On 8/12/21 10:08 AM, Learner wrote:
On Thursday, 12 August 2021 at 13:56:17 UTC, Paul Backus wrote:
On Thursday, 12 August 2021 at 12:10:49 UTC, Learner wrote:
That worked fine, but the codebase is @safe:
```d
cast from `int[]` to `inout(int[])` not allowed in safe code
```
So copy constructors force me to introduce trusted methods, while
that was not necessary with postblits?
A postblit would simply ignore the type qualifier--which can lead to
undefined behavior. (Scroll down to the paragraph that begins "An
unqualified postblit..." under ["Struct Postblits"][1] in the spec.)

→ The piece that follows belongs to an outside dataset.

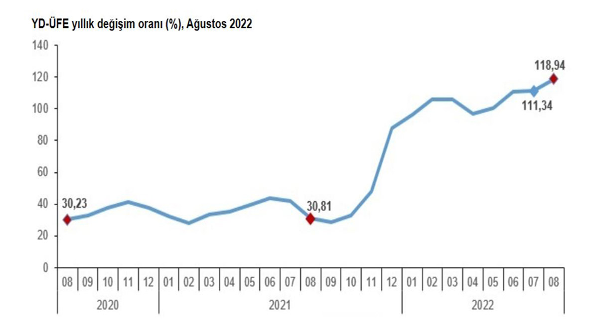 TÜİK’ten yapılan açıklamaya göre; YD- ÜFE, Ağustos 2022’de geçen aya göre yüzde 2,64, geçen yılın aralık ayına göre yüzde 39,79, geçen yılın ağustos ayına göre yüzde 118,94 ve 12 aylık ortalamalara göre yüzde 88,82 arttı. Sanayinin 2 sektörünün YD-ÜFE bazında yıllık değişimlerinde; madencilik ve taş ocakçılığında yüzde 116,48, imalatta yüzde 118,98 artış kaydedildi.
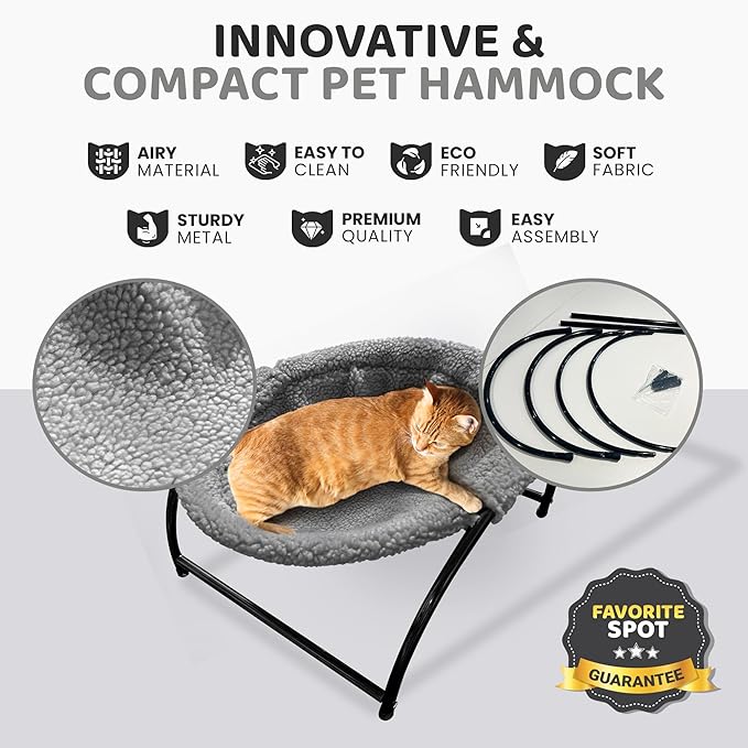 - Special Feature : Easy to Clean - Our cat hammock is made with a durable metal base and a soft fuzzy cotton bedding. The metal base can be easily wiped down to clean and the cotton bedding is machine washable. We recommend air drying the bedding., Strong and Durable - Once assembled, our cat hammock is designed to be very durable with the normal everyday use of your cat., Easy to Assemble - All instructions and tools are included and assembly is fast and easy., Comfy and Cozy - We know your cat will love our cat hammock and it will become a favorite spot for your cat to relax and snooze. We offer our FAVORITE SOPT GUARANTEE to all our customers. If you for any reason are not satisfied with our product, simply return it to Amazon and we will refund your money., Lightweight - Our cat hammock is durable, yet compact and lightweight. It can be easily moved around your home to ensure your pets comfort. Easy to Clean - Our cat hammock is made with a durable metal base and a soft fuzzy cotton bedding. The metal base can be easily wiped do… See more

The copy constructor merely forces you to be honest about the safety
of your code.
In your case, I would recommend encapsulating the unsafe cast in a
function like the following:
```d
T[] dupWithQualifiers(T[] array)
{
auto copy = array.dup;
return (() @trusted => cast(T[]) copy)();
}
```
You can then use this function in place of `dup` in your copy
constructor.
[1]: https://dlang.org/spec/struct.html#struct-postblit
Thank you, now everything is more clear.
A last question, if you do not mind, just to better understand inout. It
seems a shortcut to avoid repeating the same function body for mutable,
const, and immutable. Why the following code is not equal to the single
inout constructor?
struct A {
int[] data;
//this(ref return scope inout A rhs) inout { /*body*/ }
this(ref return scope Timestamp rhs) { /*body*/ }
this(ref return scope const Timestamp rhs) const { /*body*/ }
this(ref return scope immutable Timestamp rhs) immutable {
/*body*/ }
}
Error: Generating an `inout` copy constructor for `struct B`
failed, therefore instances of it are uncopyable
Inout is compatible only with inout, and not with the unrolled code it
implies?
inout is not like a template. It's a separate qualifier that generates
only one function (not 3 unrolled ones).
It's sort of viral like const is viral -- all underlying pieces have to
support inout in order for you to write inout functions.